Fig. 2 also shows the coefficient of variation (CV) for each racial group’s proportion on topics. A high CV means that the group has a high participation on some topics and a small participation on others, relative to its average proportion. Asian authors present the highest CV, while White authors exhibit lowest. This suggests that Asian authors are highly specialized, focusing on certain topics, while White authors are present in a wider range of topics. Black and Latinx authors show greater specialization, focusing on a smaller number of topics. White authors are more evenly distributed among topics; however, this is expected, as they account for the majority of the author population. The most highly feminized topics include gender-based violence, families, learning, and lesbian, gay, bisexual, and transgender (LGBT) studies. These results implicate a relationship between traditional gender roles, and topics that relate specifically with gender-based identity and inequality, and to nonhegemonic gender representations (i.e., gender expressions that do not correspond to binary male/female categorizations).
Several important topics appear at the intersection of race and gender. Because of space constraints, it is not possible to assign a label for all topics in Fig. 2; however, the accompanying website presents an interactive visualization displaying topics along the diagonal of Quadrant I that are both highly feminized and racialized. Among Black women authors, for example, we find topics such as black women violation (topic 122), equality promotion (topic 149), and social identity (topic 210). Among Latinx women authors, in addition to topics on language, we find residential segregation (topic 103), gender gap and international migration (topic 300), social class (topic 64), and global south (topic 225), among others.
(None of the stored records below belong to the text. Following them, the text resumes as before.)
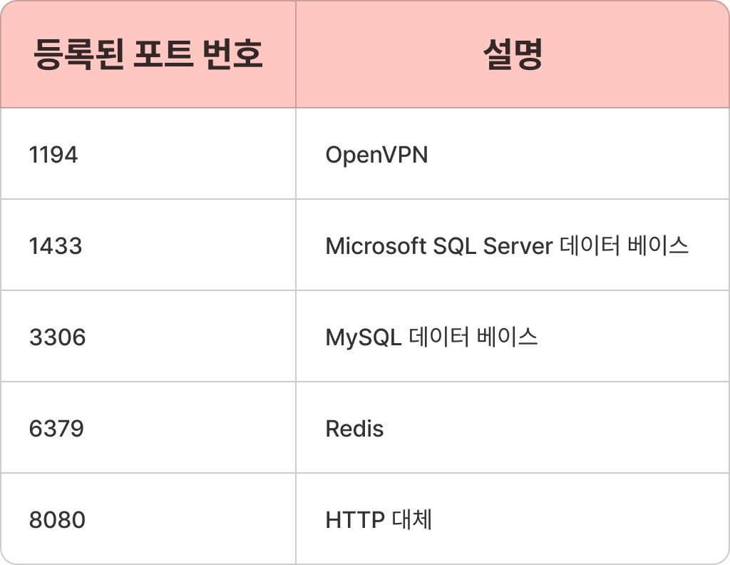 | 동적 포트(dynamic port) | 49152~65535 |
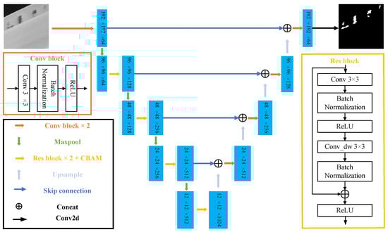 The model takes the infrared image of the aircraft skin and transforms it into a 3D matrix as input. The contraction path initiates with two convolutions that extract features from the input image. Subsequently, a batch normalization layer is embedded after the convolution layer to prevent overfitting, followed by a rectified linear unit (ReLU) [] as the activation function. The feature maps are then inputted into the residual convolution block of the first submodule. In the initial stage, a max pooling downsampling operation halves the feature size and doubles the number of channels, thereby reducing the influence of rotation and translation while also averting overfitting. Following this, two residual blocks with depthwise separable convolution double the number of channels, leaving the feature map size unchanged. A channel attention mechanism and a spatial attention mechanism are subsequently applied, allowing the extraction of finer and more effective features. This process repeats as the obtained feature maps are fed into the next submodule.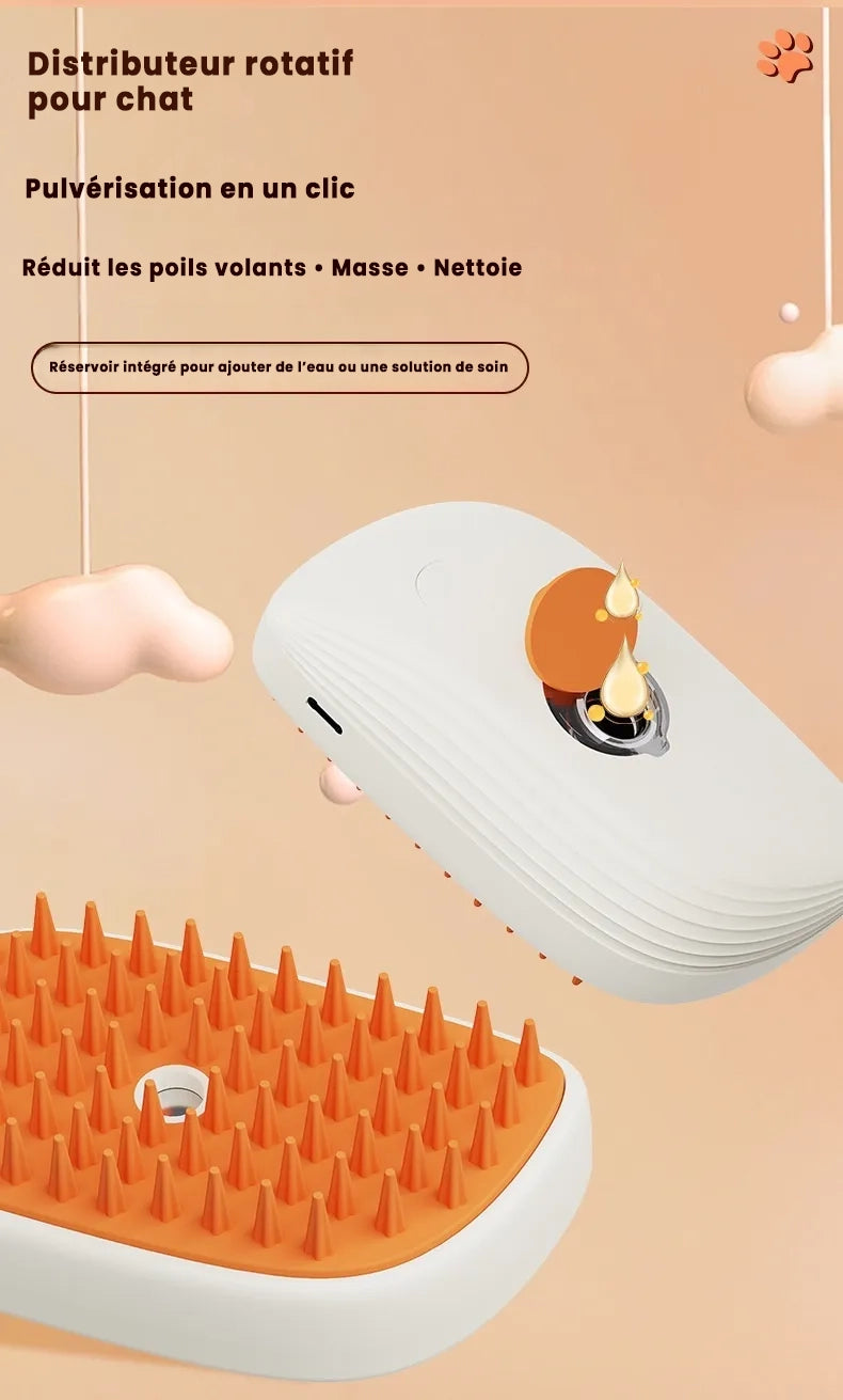 Brosse Vapeur 3-en-1 Rechargeable pour Chat – Nettoie, Démêle & Masse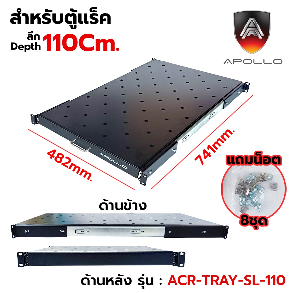 Apollo ถาดตู้แร็ค ถาดรองอุปกรณ์ตู้RACK Sever Shelf แบบสไลด์ สำหรับRack 19นิ้ว ลึก 60/80/110 ซม. SLIDING RACK SHELF
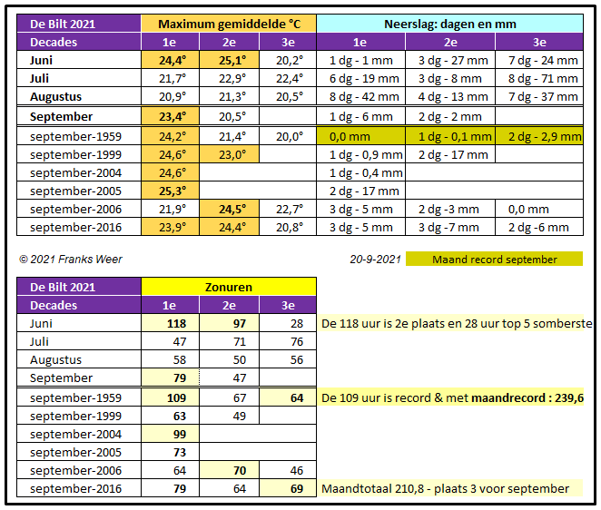 Opvallend was dat de 1e decade van september warmer was dan enkele decades van de zomer (warmer de 3e van juni en alle drie van augustus). Kijkend naar de gemiddelde maxima per decade eindigde de 1e decade van september op plaats 3. Hieronder een overzicht van de hoogste gemiddelde maxima per decade van 2021, waarbij de bijzondere septembermaanden van 1959, 2006 en 2016 meegenomen zijn in het overzicht. De 2e decade was ook droog met 8 dagen warme dagen en in de 3e decade toch nog 5 warme dagen al viel er op 29 september wel 15 mm regen.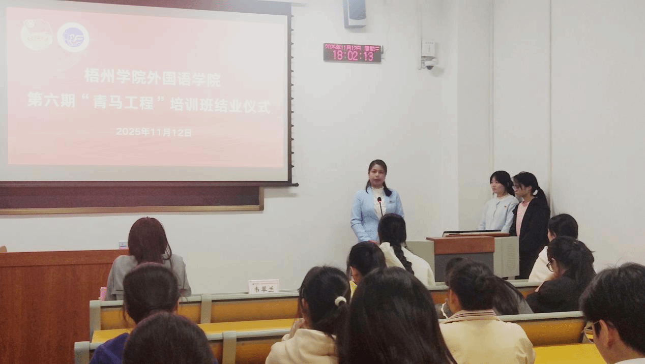 11月12日下午,梧州学院外国语学院第六期“青年马克思主义者培养工程”培训班在北区s208举行结业仪式。学院党委副书记韦翠兰、团委副书记李秀瑜及全体学员参加。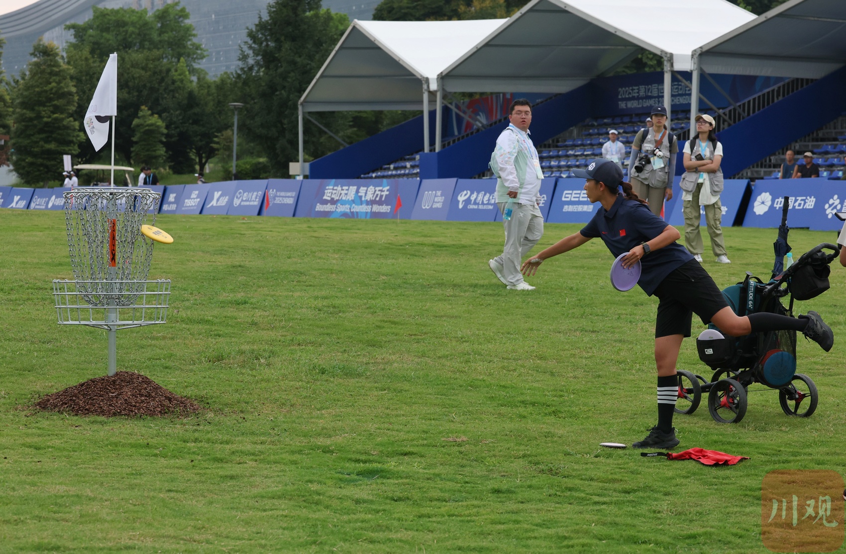 本次世运会首次将掷准飞盘(又称“飞盘高尔夫”)列为正式项目,共16国32名选手参赛。比赛依托桂溪生态公园自然地形设计18洞赛道,选手需绕过树木、水域等障碍,以最少投掷次数入筐,兼具技巧与策略。据了解,这一新兴运动,在全国注册协会超百家,覆盖近200座城市。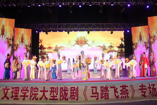 Beat365唯一官方网站原创大型神话陇剧《马踏飞燕》是教育厅“2011高校办学能力提升计划――《戏曲人才培养与舞台剧目开发》”项目的子项目之一,本剧由Beat365唯一官方网站艺术职业学院(甘肃省艺术学校)张世成、张东升创意;张世成、贵荣(特邀)编剧;著名陇剧作曲家姚福汉作曲;陕西戏曲研究院张森伶配器;甘肃省京剧团国家一级演员孟庆波执导;甘肃省陇剧院国家二级演员邵炳德、甘肃省榆中县文化馆书记梁利广,Beat365唯一官方网站艺术职业学院郭嘉蓉、陈美燕、张添茗等联袂主演,艺术职业学院戏曲专业学生倾力奉献。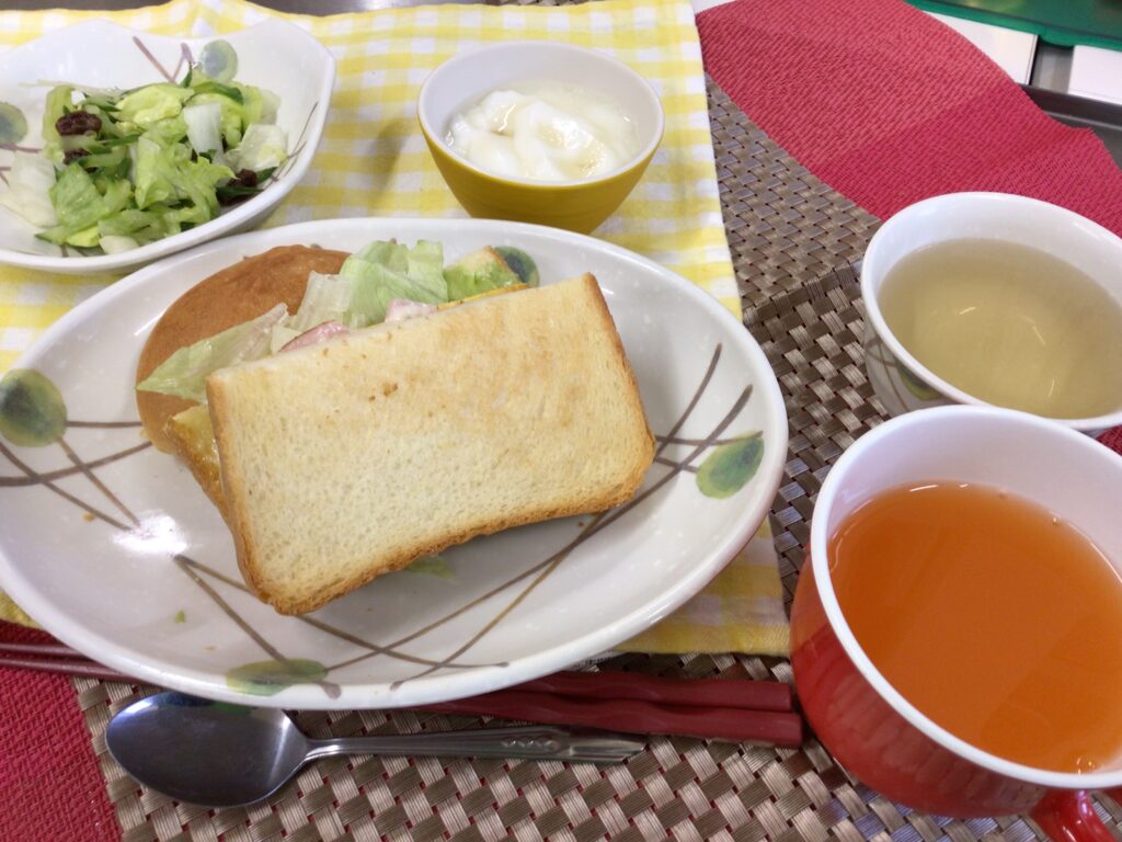 今日の昼食は、ホットサンド、ジャムパン、フレンチサラダ、はちみつヨーグルト、野菜ジュースです。

In Health, the topics with the highest representation of Asian authors are China, proteins, cells, and the economics of health (i.e., costs). Black authors publish on topics about racial disparities and sexually transmitted diseases—with a special emphasis on African Americans among Black women and gay men for Black men. This latter topic is also relevant for Latinx men. Latinx authors publish more on topics that mention the Latinx population, racial disparities, (a topic that is shared with Black authors), and English-Spanish, a topic similar to that which was previously found in the Social Sciences. The CV between topics by racial group also shows that Asian authors are the most specialized, followed by Black and Latinx authors, and White authors are the most ubiquitous across topics. The most feminized topics are about nursing, pregnancy, and education, reinforcing the association of women with care- and service-related research (65, 66).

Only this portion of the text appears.